- **WORK ITEM**: From the data below, repeat exactly the lines from the line with "I jeszcze nadłamana" to the line with "四、政教处副主任陈尚友总宣读", both included.

Saved data entries:
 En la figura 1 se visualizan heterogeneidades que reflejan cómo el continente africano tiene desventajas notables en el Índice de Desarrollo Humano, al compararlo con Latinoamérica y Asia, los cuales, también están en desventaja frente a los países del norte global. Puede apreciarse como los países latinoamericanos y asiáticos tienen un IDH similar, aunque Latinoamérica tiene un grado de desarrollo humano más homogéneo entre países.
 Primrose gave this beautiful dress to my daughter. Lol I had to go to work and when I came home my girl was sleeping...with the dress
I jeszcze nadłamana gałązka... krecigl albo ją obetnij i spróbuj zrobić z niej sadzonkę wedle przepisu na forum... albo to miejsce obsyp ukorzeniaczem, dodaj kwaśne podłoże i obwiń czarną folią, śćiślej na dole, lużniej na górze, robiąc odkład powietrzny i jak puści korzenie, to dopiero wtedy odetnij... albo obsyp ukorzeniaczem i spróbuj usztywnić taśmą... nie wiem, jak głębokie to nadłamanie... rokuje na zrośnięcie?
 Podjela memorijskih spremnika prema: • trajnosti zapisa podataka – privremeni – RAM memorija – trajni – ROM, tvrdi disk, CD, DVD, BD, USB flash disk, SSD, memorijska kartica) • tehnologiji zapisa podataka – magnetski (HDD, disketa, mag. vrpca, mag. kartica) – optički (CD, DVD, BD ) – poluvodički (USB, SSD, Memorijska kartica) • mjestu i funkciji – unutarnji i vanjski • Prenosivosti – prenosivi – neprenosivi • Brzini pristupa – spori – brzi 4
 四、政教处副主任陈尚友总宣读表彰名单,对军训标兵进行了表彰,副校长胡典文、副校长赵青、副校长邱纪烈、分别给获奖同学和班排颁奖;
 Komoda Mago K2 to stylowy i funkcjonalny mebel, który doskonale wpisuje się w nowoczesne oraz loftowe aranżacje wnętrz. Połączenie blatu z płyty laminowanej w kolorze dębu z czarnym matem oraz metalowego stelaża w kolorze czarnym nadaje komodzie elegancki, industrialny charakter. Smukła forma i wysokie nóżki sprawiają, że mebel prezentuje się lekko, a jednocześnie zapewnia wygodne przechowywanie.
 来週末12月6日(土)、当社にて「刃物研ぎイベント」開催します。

- **EXERCISE SOLUTION**:
I jeszcze nadłamana gałązka... krecigl albo ją obetnij i spróbuj zrobić z niej sadzonkę wedle przepisu na forum... albo to miejsce obsyp ukorzeniaczem, dodaj kwaśne podłoże i obwiń czarną folią, śćiślej na dole, lużniej na górze, robiąc odkład powietrzny i jak puści korzenie, to dopiero wtedy odetnij... albo obsyp ukorzeniaczem i spróbuj usztywnić taśmą... nie wiem, jak głębokie to nadłamanie... rokuje na zrośnięcie?
 Podjela memorijskih spremnika prema: • trajnosti zapisa podataka – privremeni – RAM memorija – trajni – ROM, tvrdi disk, CD, DVD, BD, USB flash disk, SSD, memorijska kartica) • tehnologiji zapisa podataka – magnetski (HDD, disketa, mag. vrpca, mag. kartica) – optički (CD, DVD, BD ) – poluvodički (USB, SSD, Memorijska kartica) • mjestu i funkciji – unutarnji i vanjski • Prenosivosti – prenosivi – neprenosivi • Brzini pristupa – spori – brzi 4
 四、政教处副主任陈尚友总宣读表彰名单,对军训标兵进行了表彰,副校长胡典文、副校长赵青、副校长邱纪烈、分别给获奖同学和班排颁奖;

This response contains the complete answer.